The free and open source book, The Data Mining Desktop Survival Guide (ISBN 0-9757109-2-3) simply explains the otherwise complex algorithms and concepts of data mining, with examples to illustrate each algorithm using the statistical language R. The book is being written by Dr Graham Williams, based on his 20 years research and consulting experience in machine learning and data mining. An electronic PDF version is available for a small fee from Togaware ($40AUD/$35USD to cover costs and ongoing development);

Other Resources

  • The Data Mining Software Repository makes available a collection of free (as in libre) open source software tools for data mining
  • The Data Mining Catalogue lists many of the free and commercial data mining tools that are available on the market.
  • The Australasian Data Mining Conferences are supported by Togaware, which also hosts the web site.
  • Information about the Pacific Asia Knowledge Discovery and Data Mining series of conferences is also available.
  • Data Mining course is taught at the Australian National University.
  • See also the Canberra Analytics Practise Group.
  • A Data Mining Course was held at the Harbin Institute of Technology Shenzhen Graduate School, China, 6 December – 13 December 2006. This course introduced the basic concepts and algorithms of data mining from an applications point of view and introduced the use of R and Rattle for data mining in practise.
  • Data Mining Workshop was held over two days at the University of Canberra, 27-28 November, 2006. This course introduced the basic concepts and algorithms for data mining and the use of R and Rattle.

Using R for Data Mining

The open source statistical programming language R (based on S) is in daily use in academia and in business and government.
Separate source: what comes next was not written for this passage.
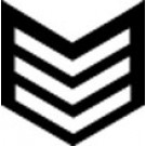 This is the sleeve insignia for an able cadet in the USNLCC.

We use R for data mining within the Australian Taxation Office. Rattle is used by those wishing to interact with R through a GUI.

R is memory based so that on 32bit CPUs you are limited to smaller datasets (perhaps 50,000 up to 100,000, depending on what you are doing). Deploying R on 64bit multiple CPU (AMD64) servers running GNU/Linux with 32GB of main memory provides a powerful platform for data mining.

R is open source, thus providing assurance that there will always be the opportunity to fix and tune things that suit our specific needs, rather than rely on having to convince a vendor to fix or tune their product to suit our needs.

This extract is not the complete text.